Restate word for word the material below, starting at the line that contains "impressão e pintura." and stopping after the last line; skip pictures.
The data START
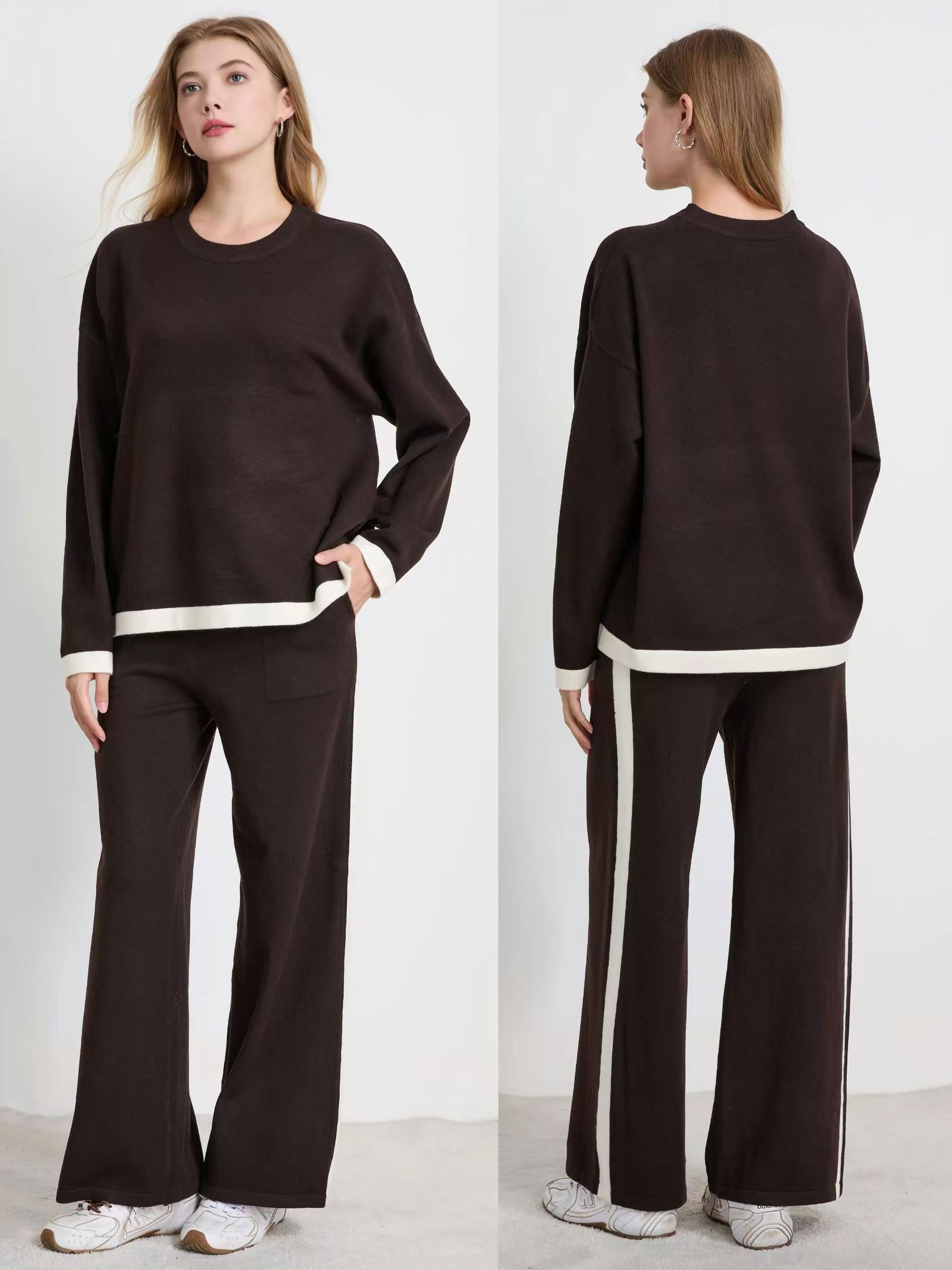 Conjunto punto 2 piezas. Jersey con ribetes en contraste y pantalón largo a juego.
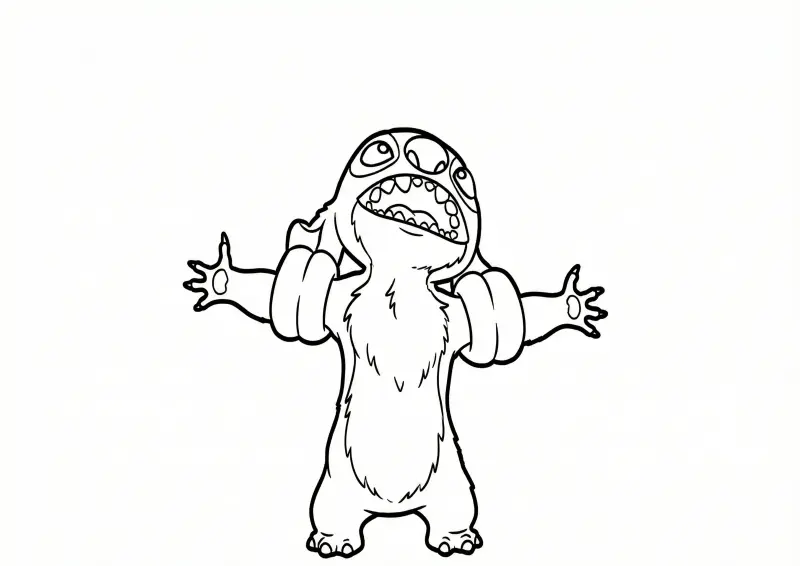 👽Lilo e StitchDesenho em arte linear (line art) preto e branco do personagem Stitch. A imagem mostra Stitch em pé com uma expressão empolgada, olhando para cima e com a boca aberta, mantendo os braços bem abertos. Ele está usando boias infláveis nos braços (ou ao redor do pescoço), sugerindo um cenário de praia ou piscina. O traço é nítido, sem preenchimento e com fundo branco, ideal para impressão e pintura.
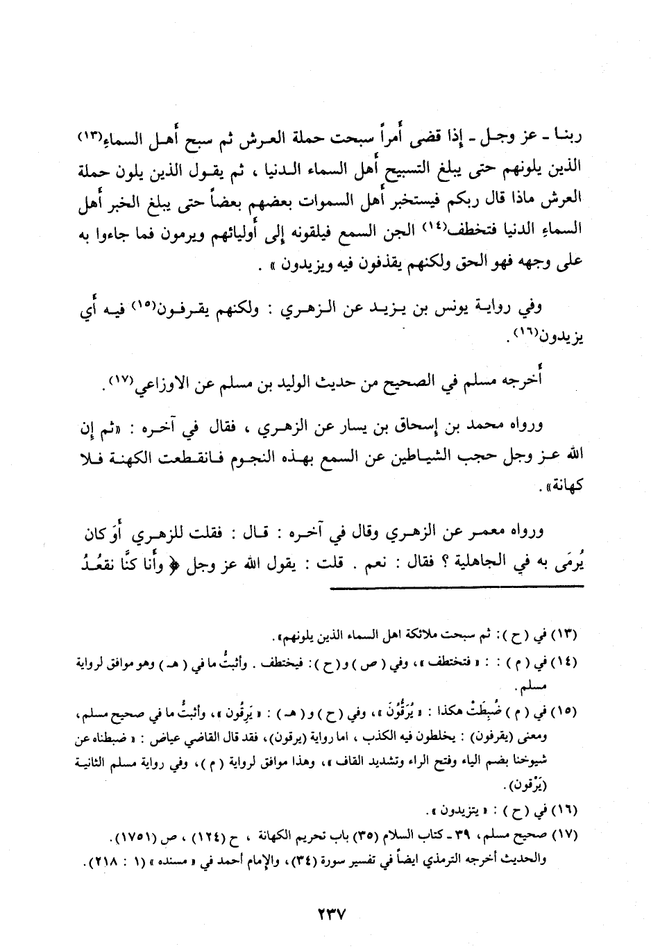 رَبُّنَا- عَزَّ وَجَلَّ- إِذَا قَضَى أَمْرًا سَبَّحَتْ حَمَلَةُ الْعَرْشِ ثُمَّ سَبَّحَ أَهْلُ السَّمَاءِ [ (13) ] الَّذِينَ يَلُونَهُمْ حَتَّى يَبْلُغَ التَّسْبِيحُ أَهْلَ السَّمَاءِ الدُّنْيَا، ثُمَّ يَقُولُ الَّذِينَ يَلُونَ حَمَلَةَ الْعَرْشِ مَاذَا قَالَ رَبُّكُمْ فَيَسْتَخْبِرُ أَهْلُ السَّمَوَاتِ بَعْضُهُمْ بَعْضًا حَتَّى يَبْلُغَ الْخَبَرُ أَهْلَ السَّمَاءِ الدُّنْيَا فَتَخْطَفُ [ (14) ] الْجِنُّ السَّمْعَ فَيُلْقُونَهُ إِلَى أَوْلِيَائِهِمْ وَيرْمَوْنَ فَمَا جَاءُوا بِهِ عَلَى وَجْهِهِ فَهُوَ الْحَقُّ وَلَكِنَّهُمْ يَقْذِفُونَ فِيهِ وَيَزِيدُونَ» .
The data END
[Output of the task]
 👽Lilo e StitchDesenho em arte linear (line art) preto e branco do personagem Stitch. A imagem mostra Stitch em pé com uma expressão empolgada, olhando para cima e com a boca aberta, mantendo os braços bem abertos. Ele está usando boias infláveis nos braços (ou ao redor do pescoço), sugerindo um cenário de praia ou piscina. O traço é nítido, sem preenchimento e com fundo branco, ideal para impressão e pintura.
 رَبُّنَا- عَزَّ وَجَلَّ- إِذَا قَضَى أَمْرًا سَبَّحَتْ حَمَلَةُ الْعَرْشِ ثُمَّ سَبَّحَ أَهْلُ السَّمَاءِ [ (13) ] الَّذِينَ يَلُونَهُمْ حَتَّى يَبْلُغَ التَّسْبِيحُ أَهْلَ السَّمَاءِ الدُّنْيَا، ثُمَّ يَقُولُ الَّذِينَ يَلُونَ حَمَلَةَ الْعَرْشِ مَاذَا قَالَ رَبُّكُمْ فَيَسْتَخْبِرُ أَهْلُ السَّمَوَاتِ بَعْضُهُمْ بَعْضًا حَتَّى يَبْلُغَ الْخَبَرُ أَهْلَ السَّمَاءِ الدُّنْيَا فَتَخْطَفُ [ (14) ] الْجِنُّ السَّمْعَ فَيُلْقُونَهُ إِلَى أَوْلِيَائِهِمْ وَيرْمَوْنَ فَمَا جَاءُوا بِهِ عَلَى وَجْهِهِ فَهُوَ الْحَقُّ وَلَكِنَّهُمْ يَقْذِفُونَ فِيهِ وَيَزِيدُونَ» .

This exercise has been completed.